There may be no more useful, and unexpected, item to add to your cannabis kit than oven bags. They’re thick, they kill smells, and they can be made airtight.
What would you say if someone told you that a turkey bag is a must-have item for anyone looking to store cannabis, either during the curing process or after? Not only that, but that they are great for large quantities like those produced by cannabis farms, and for smaller quantities, like those processed by home growers, or stored by users. It sounds far-fetched to think about oven bags, like those available from companies like True Liberty, sitting alongside rolling papers, trimming shears, grinders and Ziploc-style bags.

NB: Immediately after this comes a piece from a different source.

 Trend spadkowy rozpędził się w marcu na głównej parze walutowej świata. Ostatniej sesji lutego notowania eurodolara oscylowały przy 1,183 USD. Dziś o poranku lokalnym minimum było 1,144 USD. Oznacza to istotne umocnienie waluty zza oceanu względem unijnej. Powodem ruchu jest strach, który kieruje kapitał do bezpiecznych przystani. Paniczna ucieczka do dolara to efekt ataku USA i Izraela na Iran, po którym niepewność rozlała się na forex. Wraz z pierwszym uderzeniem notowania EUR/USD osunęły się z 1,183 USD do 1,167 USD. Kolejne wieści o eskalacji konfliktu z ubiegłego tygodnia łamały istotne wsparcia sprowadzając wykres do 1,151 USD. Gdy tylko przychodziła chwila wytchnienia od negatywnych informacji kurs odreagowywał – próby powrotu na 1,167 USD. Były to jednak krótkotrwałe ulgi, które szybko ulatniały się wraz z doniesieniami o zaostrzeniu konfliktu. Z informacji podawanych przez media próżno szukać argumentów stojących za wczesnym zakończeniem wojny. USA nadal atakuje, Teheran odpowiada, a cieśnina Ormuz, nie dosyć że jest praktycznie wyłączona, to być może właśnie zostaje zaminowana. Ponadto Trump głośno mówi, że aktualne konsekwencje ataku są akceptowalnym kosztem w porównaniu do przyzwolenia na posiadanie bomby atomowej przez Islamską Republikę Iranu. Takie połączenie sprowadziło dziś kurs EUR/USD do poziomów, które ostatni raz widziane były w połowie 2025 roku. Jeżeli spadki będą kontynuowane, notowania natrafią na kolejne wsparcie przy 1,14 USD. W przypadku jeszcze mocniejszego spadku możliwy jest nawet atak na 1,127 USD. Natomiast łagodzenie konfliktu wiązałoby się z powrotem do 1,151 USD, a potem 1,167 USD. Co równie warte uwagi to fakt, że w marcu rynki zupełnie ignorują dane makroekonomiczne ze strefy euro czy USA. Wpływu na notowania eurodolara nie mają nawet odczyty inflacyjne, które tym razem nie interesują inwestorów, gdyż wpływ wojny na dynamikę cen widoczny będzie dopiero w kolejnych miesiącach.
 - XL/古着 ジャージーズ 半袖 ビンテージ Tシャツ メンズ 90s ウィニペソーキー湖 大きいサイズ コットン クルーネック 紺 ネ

Oven bags, known commonly as turkey bags, can be used at nearly every step of the cannabis production process after the plants have grown and produced their buds. These extra-thick bags can be used to: cure, store over long periods, decarb for edibles, keep stored cannabis from stinking up your home, and to more safely and covertly transport your cannabis from place to place.

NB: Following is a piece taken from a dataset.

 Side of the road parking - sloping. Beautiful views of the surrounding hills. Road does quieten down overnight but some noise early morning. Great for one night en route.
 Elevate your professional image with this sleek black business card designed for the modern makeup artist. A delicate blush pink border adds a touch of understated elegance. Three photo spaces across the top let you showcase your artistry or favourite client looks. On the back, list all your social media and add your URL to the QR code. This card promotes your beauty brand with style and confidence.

Oven bags and Cannabis Curing
Oven bags are especially useful after your buds have been trimmed from the plants, but before they’re ready to be smoked. In curing, you generally want to let your trimmed cannabis sit for anywhere from two to eight weeks in an airtight container, opening every so often to burp your nugs to prevent mold and bacteria from ruining your harvest during the curing process.
These bags offer a practical alternative to more expensive curing storage solutions like glass. This is especially true for larger quantities, where True Liberty’s larger bags can be a great cost saver.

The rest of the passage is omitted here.